Exercise description - Starting at the line below with "Incluye todo lo" and stopping at the line with "2004: Invented new", please print each line exactly, those two included, and skip every picture.

Data for processing -
*** Begin section ***

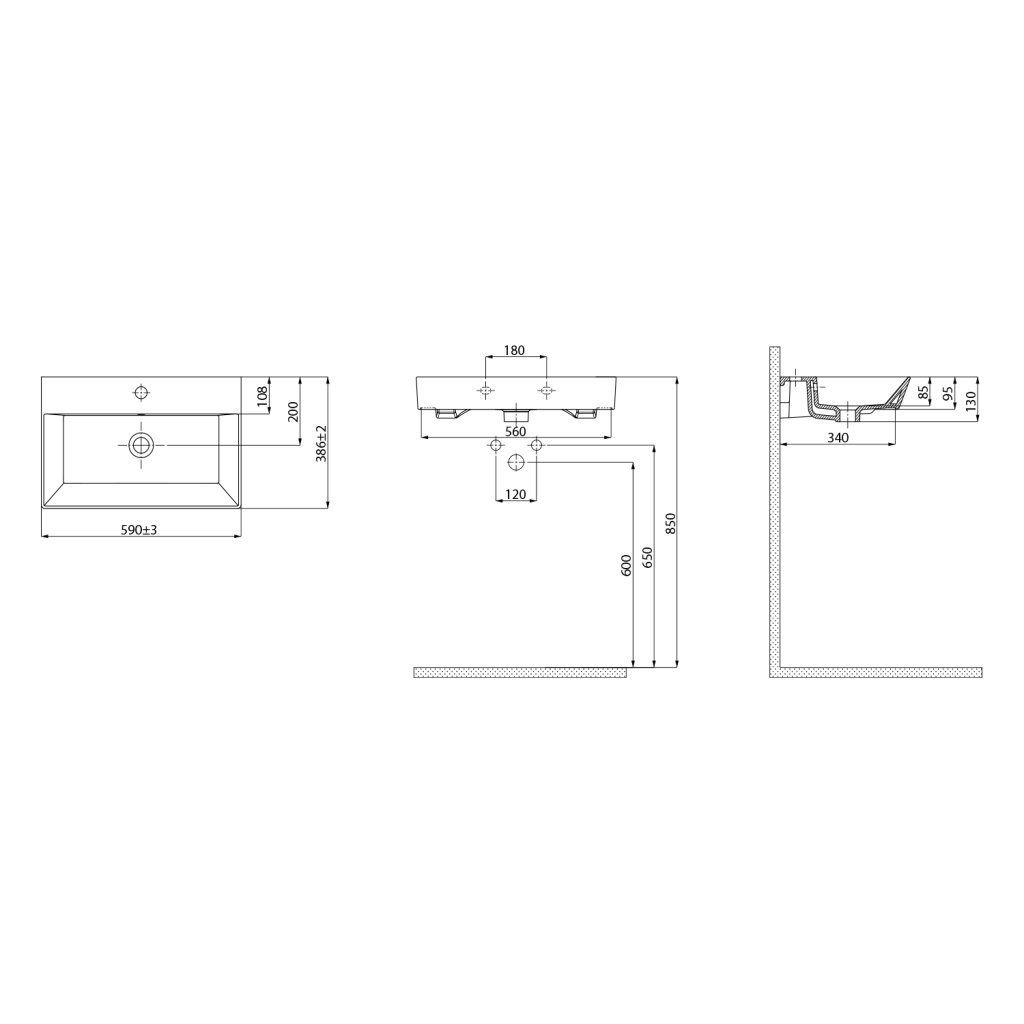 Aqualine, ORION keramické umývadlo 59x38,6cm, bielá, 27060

*** End section ***
*** Begin section ***

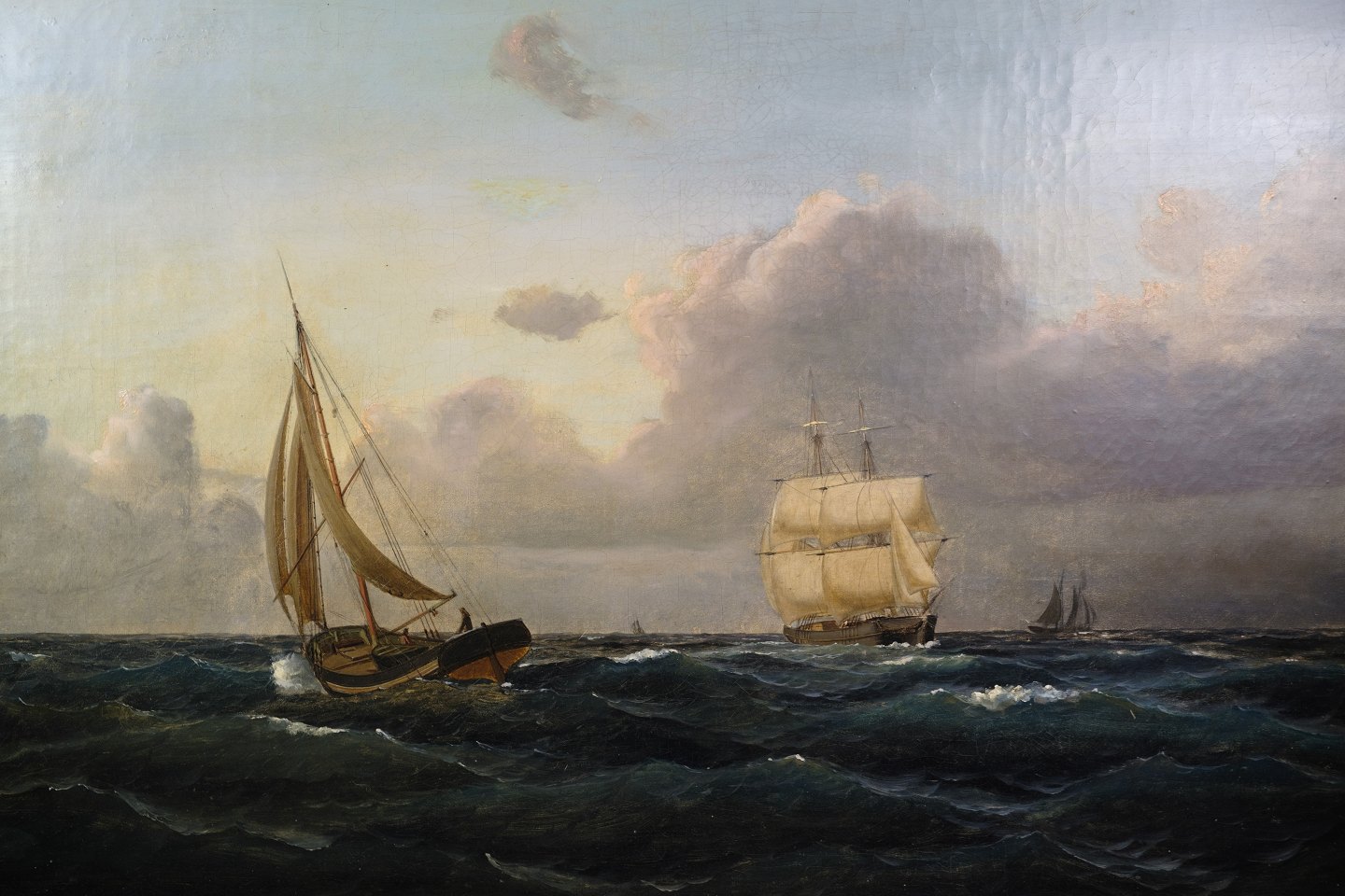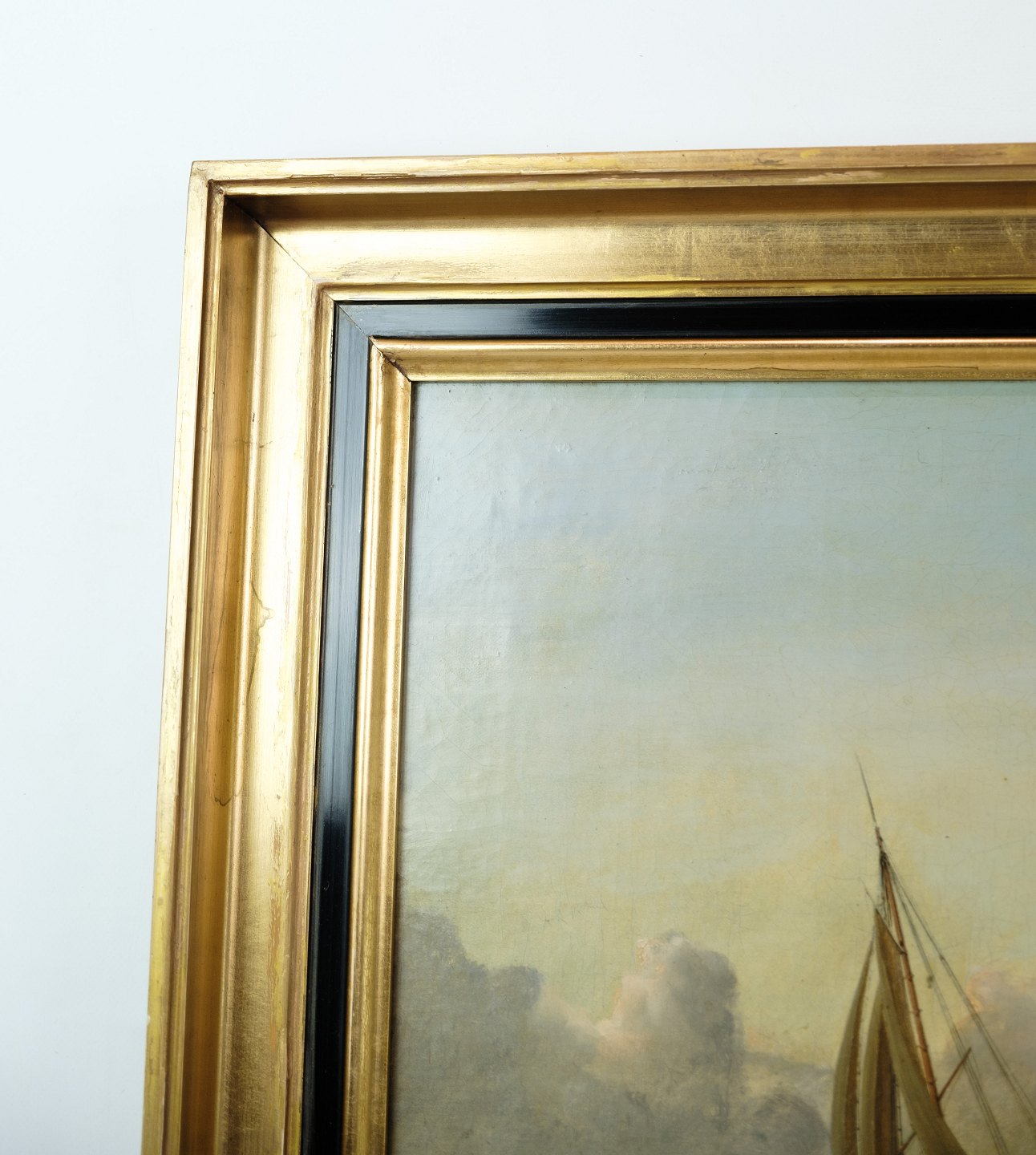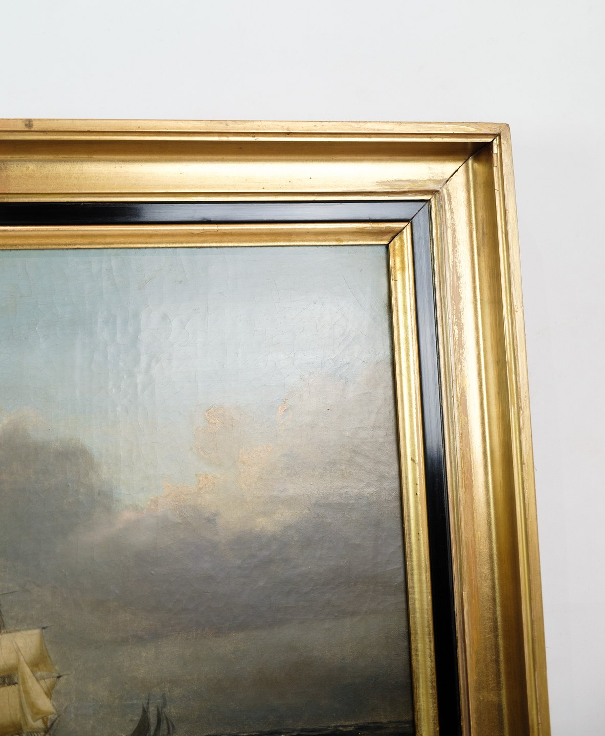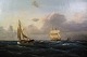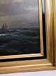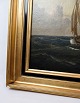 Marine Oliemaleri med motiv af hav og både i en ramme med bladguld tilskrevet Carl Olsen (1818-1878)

*** End section ***
*** Begin section ***

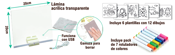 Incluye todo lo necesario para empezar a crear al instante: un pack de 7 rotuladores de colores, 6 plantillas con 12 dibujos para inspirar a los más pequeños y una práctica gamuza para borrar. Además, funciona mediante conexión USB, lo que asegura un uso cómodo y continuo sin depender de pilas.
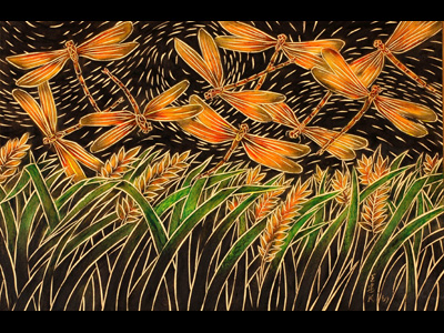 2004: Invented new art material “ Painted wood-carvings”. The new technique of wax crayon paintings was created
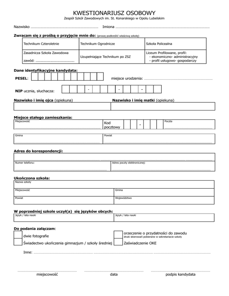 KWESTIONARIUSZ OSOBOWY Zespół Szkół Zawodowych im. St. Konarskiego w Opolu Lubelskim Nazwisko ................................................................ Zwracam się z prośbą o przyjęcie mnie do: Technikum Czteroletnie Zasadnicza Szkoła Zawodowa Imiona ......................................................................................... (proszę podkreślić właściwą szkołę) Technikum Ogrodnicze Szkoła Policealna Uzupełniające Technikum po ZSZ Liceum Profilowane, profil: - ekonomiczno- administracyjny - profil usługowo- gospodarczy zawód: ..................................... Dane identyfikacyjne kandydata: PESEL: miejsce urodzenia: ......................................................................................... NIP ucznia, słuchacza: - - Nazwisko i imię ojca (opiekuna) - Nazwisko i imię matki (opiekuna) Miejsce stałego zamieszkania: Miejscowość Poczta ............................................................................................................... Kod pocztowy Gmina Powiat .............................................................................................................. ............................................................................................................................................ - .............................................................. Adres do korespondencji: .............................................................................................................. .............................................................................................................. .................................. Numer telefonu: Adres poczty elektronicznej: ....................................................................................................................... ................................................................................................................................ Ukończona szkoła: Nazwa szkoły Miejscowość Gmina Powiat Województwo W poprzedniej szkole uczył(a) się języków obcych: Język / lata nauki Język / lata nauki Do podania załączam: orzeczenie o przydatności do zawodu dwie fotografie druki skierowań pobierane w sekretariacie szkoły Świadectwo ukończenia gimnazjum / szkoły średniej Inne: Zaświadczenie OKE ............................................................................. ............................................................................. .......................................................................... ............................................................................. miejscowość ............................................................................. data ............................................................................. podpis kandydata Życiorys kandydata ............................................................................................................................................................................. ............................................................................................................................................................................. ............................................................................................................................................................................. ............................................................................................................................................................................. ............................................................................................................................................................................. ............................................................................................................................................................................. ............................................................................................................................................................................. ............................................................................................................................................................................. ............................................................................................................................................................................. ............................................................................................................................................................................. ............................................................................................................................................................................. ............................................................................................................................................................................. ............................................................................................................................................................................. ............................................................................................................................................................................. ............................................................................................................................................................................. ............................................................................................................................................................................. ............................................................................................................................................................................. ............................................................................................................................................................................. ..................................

*** End section ***

Solved problem -
 Incluye todo lo necesario para empezar a crear al instante: un pack de 7 rotuladores de colores, 6 plantillas con 12 dibujos para inspirar a los más pequeños y una práctica gamuza para borrar. Además, funciona mediante conexión USB, lo que asegura un uso cómodo y continuo sin depender de pilas.
 2004: Invented new art material “ Painted wood-carvings”. The new technique of wax crayon paintings was created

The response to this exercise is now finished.